Leaders must be willing and able to make difficult decisions that are fair, reasonable, consistent and in the best interests of the business and the people who make up that business. This doesn’t mean that we anoint ourselves as judge and jury about everyone in the office, but it DOES mean that we have a responsibility from time to time to make judgments – sometimes difficult ones – as part of our role in protecting the organization’s culture.
Some things to consider in applying this principle:
- Fairness: First and foremost, your standards must be fair and reasonable. Holding oneself and others to unattainable standards makes no sense. At the same time, you’re doing no one a favor if your standards are too lenient. Expect the best out of yourself and others and act accordingly.
- Consistency: Apply your standards consistently, irrespective of the individual or situation. Consistency is not only the right thing to do, but it also builds your personal brand as someone who has integrity.
- Tact: There’s no need to hold forth on your standards or how you view the act of judging. Let your actions speak for you. This isn’t about branding yourself as ‘the judgement guy’; it’s about fidelity to your principles.
- Learn: While its essential to maintain integrity and consistency, you also need to be open to one very important fact; you could be wrong. In the end, it’s better to BE right than to APPEAR right, so always be open to assessing your own thinking.
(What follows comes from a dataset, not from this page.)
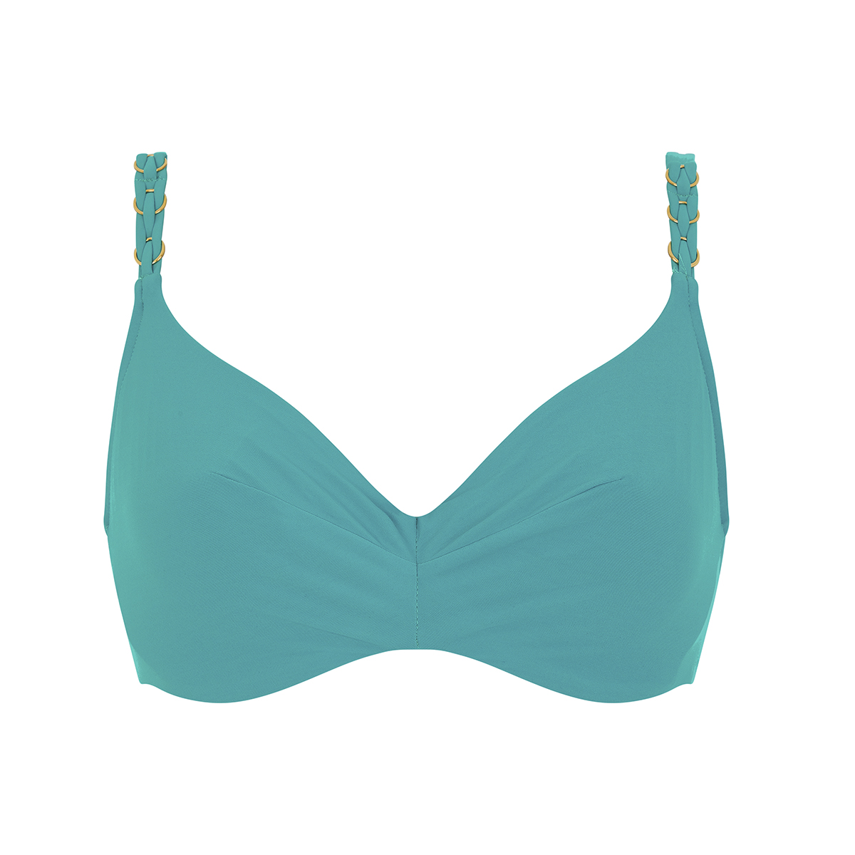 Бюстгальтер - класичний з м'якою, достатньо закритою формою чашок на кісточках. Чашки з внутрішньої сторони дубльовані тюлем для додаткової підтримки. Регулюючі бретелі доповнені декоративним плетенням та золотими кільцями. Застібка ззаду.

Wanting to BE right, means you have to be open to being straightened out from time to time.
We get into trouble when we judge others in a way that isn’t fair. We also get into trouble when we take it upon ourselves to judge unnecessarily. As leaders, we need to make judgments about people when we hire, coach up, coach out and promote our teams. Accept the responsibility of judging and do so with integrity, consistency and tact. Exemplary leadership demands consistency, leadership by example and fairness.